Ciena acquired Nortel's optical technology and Carrier Ethernet division for approximately $770 million during 2009 to 2010. Nortel's Metro Ethernet Networks business developed next-generation optical-transmission equipment and had more than 1,000 customers in 65 countries at the time. The business had approximately 1,400 employees in Canada, including 1,125 in Ottawa and 250 in Montreal. In 2017, Ciena's 1,600 Ottawa personnel were relocated to a new campus in Kanata, Ontario, along with employees of Catena. These 1,600, many of whom worked for Nortel, comprise less than 30 percent of Ciena's workforce, but represent the company's largest operational hub and complete half of its research and development work.

Ciena acquired Cyan, which offers platforms and software systems for network operators, for approximately $400 million in 2015. The assets of TeraXion Inc., a network management system company based in Quebec City, were purchased for $32 million in 2016. Ciena acquired Packet Design, an Austin-based network performance management software company specializing in network optimization, route analytics, and topology, in 2016. In 2018, Ciena purchased software and services company DonRiver for an undisclosed amount.

===Operations in India===
Ciena opened a campus in Gurgaon, India, in 2006. The campus focuses on research and development, and was further expanded in 2018 to begin manufacturing products for local markets.

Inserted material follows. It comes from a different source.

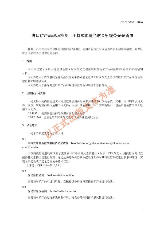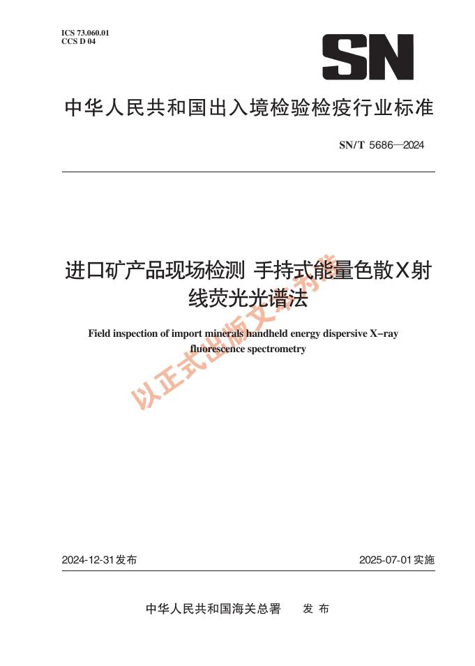 SN/T 5686-2024 进口矿产品现场检测 手持式能量色散X射线荧光光谱法

There were approximately 1,500 employees on site, representing 20 percent of the company's global workforce, as of May 2018.

Ciena and Sify partnered in mid 2018 to increase the information and communications technology company's network capacity from 100G to 400G. Ciena's converged packet optical products support big data analysis, cloud computing, and the Internet of things across 40 of Sify's data centers in India. In 2019, Bharti Airtel used Ciena equipment to build a 130,000 km photonic control plane network, connecting more than 4,000 locations in India. Ciena provides converged packet optical and Ethernet services to Bharti Airtel, Jio, and Vodafone Idea Limited, and supplies equipment to the Government of India, as of mid 2019.

Rajesh Nambiar was named the chairman and president of Ciena India in mid 2019 until October 2020.

==Products==
Ciena develops and markets equipment, software and services, primarily for the telecommunications industry and large cloud service firms. Their products and services support the transport and management of voice and data traffic on communications networks.

===Network infrastructure===
Ciena's network equipment includes optical network switches and routing platforms to manage data load on telecommunications networks. The company launched its WaveLogic 5 modem platform in 2019. The platform provides network capacity up to 800G. Ciena also provides technology and equipment for undersea cable networks.

===Software and analytics===
The company's Blue Planet software platform is used by telecoms companies for programming communications networks, including for network automation. It includes a service that uses machine learning algorithms that analyze anomalies in a network to predict issues, and identify actions for the network operators to take in order to prevent network outages and further disruptions.